Celui-ci n’a même pas besoin de l’autorisation préalable de l’assemblée générale pour les réclamer par voie de justice. D’autant que l’assemblée générale des copropriétaires vote chaque année un budget prévisionnel et une provision pour la prise en charge des grands travaux d’entretien et les copropriétaires sont ainsi tenus de verser les provisions pour le financement du budget voté.
Comme le précise la loi, ces provisions sont exigibles le premier jour de chaque trimestre ou le premier jour de la période fixée par l’assemblée générale. En cas de nécessité, le syndic peut demander aux copropriétaires de verser une contribution supplémentaire lors de l’année en cours à charge de la soumettre à l’approbation de l’assemblée générale suivante.
Dans la pratique, même si le niveau des contributions fait l’objet d’un vote et que le syndic n’a pas besoin de l’aval de l’assemblée pour ester en justice, il y recourt. «En abordant le problème du recouvrement durant l’assemblée générale, le syndic engage en quelque sorte une ultime tentative pour amener les copropriétaires à honorer leur dette et aussi pour éviter les tensions», souligne un syndic. Cette démarche peut réussir comme elle peut se solder par un échec.
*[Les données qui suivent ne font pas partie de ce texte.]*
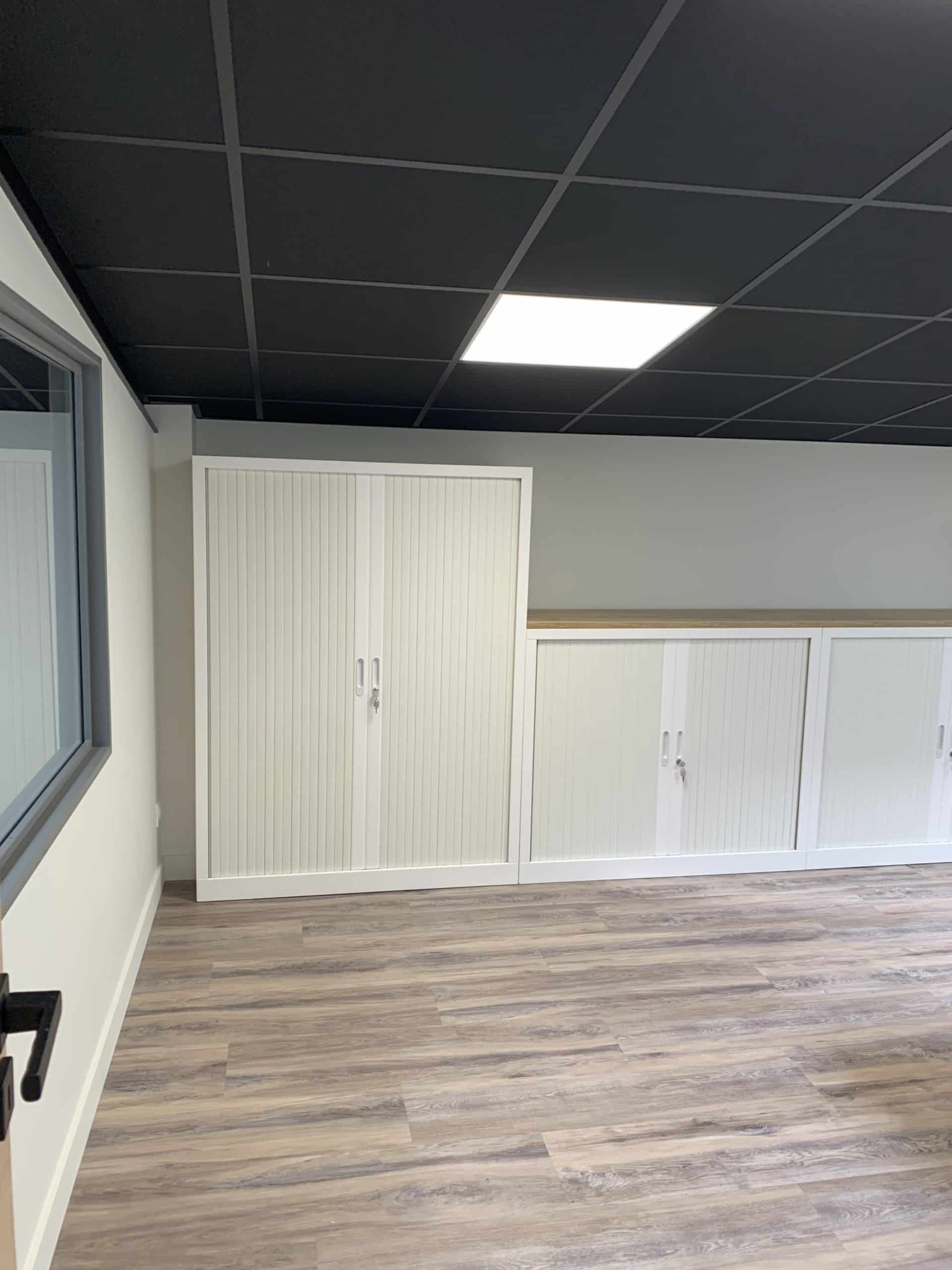 Installation d’un ensemble d’armoires blanches monobloc rideau pour un de nos clients à ARNAS.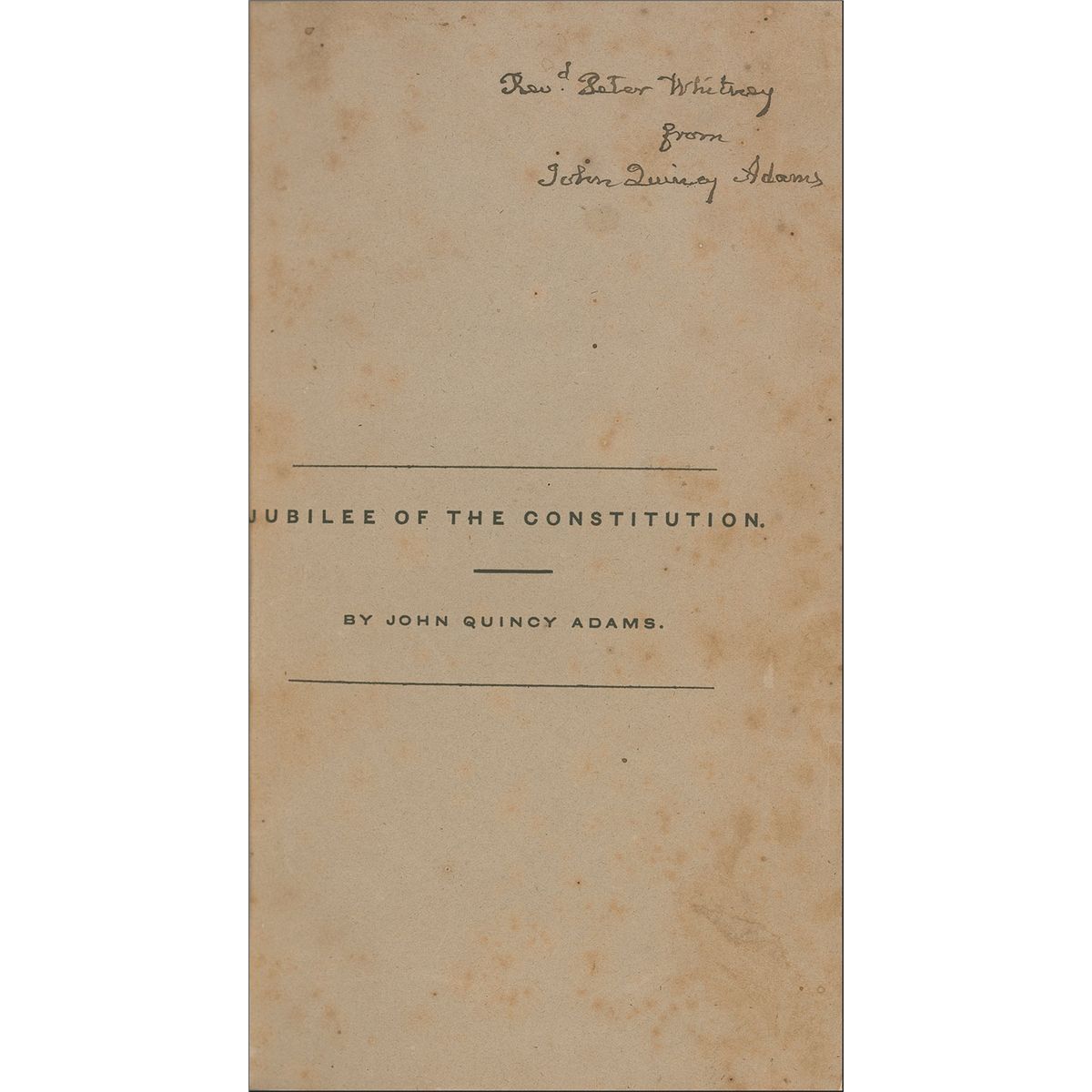 Signed book: Jubilee of the Constitution; Removal of the Public Deposites and its Reasons; An Argument Before the Supreme Court; and several reports. Privately printed. NY: Samuel Colman, 1839. Rebound hardcover with leather spine, 5.5 x 9. Signed on the half-title page, “Recd. Peter Whitney from John Quincy Adams.” Scattered toning and foxing to signed page and some of the inside pages, scattered toning and soiling to pastedowns, spine a bit weak, and light chipping and wear to covers, otherwise very good condition. Adams’ signature is bold and crisp.

Ceci étant, la loi prévoit un ensemble de mesures pour assurer le recouvrement des cotisations. Ainsi, à défaut du versement dans les délais, les cotisations non encore échues deviennent immédiatement exigibles après mise en demeure par lettre recommandée, avec accusé de réception, restée infructueuse pendant plus de trente jours.
Si le copropriétaire n’y donne pas suite, le syndic engage la procédure d’injonction de payer. Celle-ci est prononcée par le président du tribunal de première instance sur la base d’un certain nombre de documents. Il s’agit notamment du procès-verbal de l’assemblée générale en vertu duquel est approuvé le montant des charges de l’année concernée et le relevé de compte des dettes du propriétaire débiteur approuvé par le syndic .
A cela s’ajoutent le certificat de propriété prouvant la quote-part revenant au propriétaire débiteur dans les parties communes ainsi qu’une attestation justifiant la mise en demeure du propriétaire. Le syndic dispose aussi de la possibilité d’actionner l’hypothèque forcée. Elle s’applique sur la partie privative et la quote-part dans les parties indivises. Elle est levée par ordonnance du président du tribunal une fois la dette acquittée.
Le législateur a tenu également à préciser que les créances du syndic bénéficient d’un privilège sur les meubles se trouvant dans l’appartement ou le local et sur la valeur locative. Ceci étant, les créances du syndic relatives aux charges communes sont prescrites si elles ne sont pas réclamées dans un délai de cinq ans, à compter de leur approbation par l’assemblée générale.